> **Task to complete**
Please give back, word for word, only the lines starting at the one containing "Continue walking straight" and ending at the one containing "<Notice: Removed> Health" within the material below.

> **Data supplied**
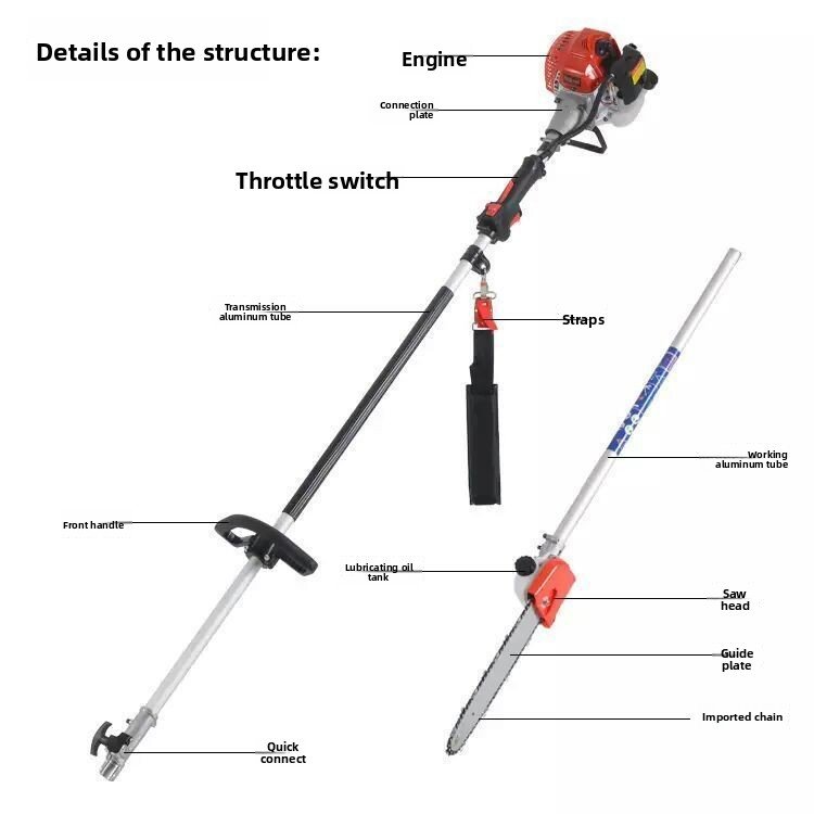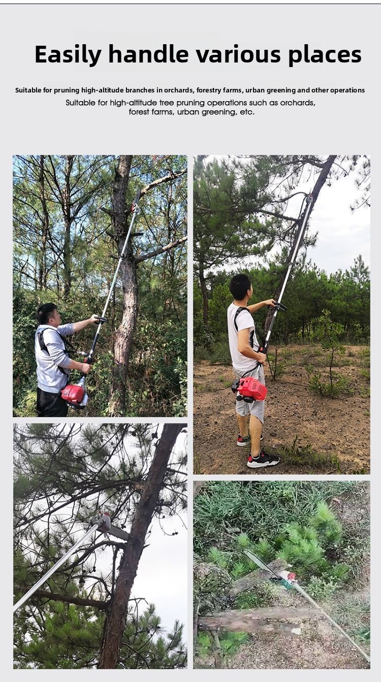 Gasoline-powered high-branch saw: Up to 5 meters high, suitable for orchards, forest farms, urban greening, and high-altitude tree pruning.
---
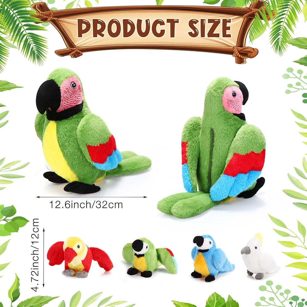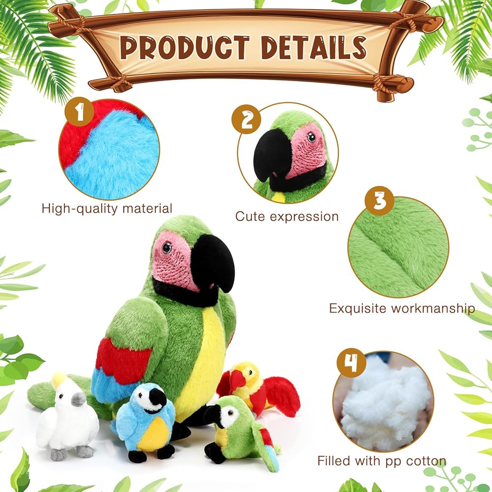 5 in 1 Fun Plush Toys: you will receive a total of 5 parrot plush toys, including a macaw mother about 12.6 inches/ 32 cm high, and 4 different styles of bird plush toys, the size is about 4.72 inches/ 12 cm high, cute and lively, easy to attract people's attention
* * *
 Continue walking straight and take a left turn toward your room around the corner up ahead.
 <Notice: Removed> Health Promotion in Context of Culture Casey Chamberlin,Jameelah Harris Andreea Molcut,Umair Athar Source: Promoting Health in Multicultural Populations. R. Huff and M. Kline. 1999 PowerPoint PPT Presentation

> **Exercise output**
 Continue walking straight and take a left turn toward your room around the corner up ahead.
 <Notice: Removed> Health Promotion in Context of Culture Casey Chamberlin,Jameelah Harris Andreea Molcut,Umair Athar Source: Promoting Health in Multicultural Populations. R. Huff and M. Kline. 1999 PowerPoint PPT Presentation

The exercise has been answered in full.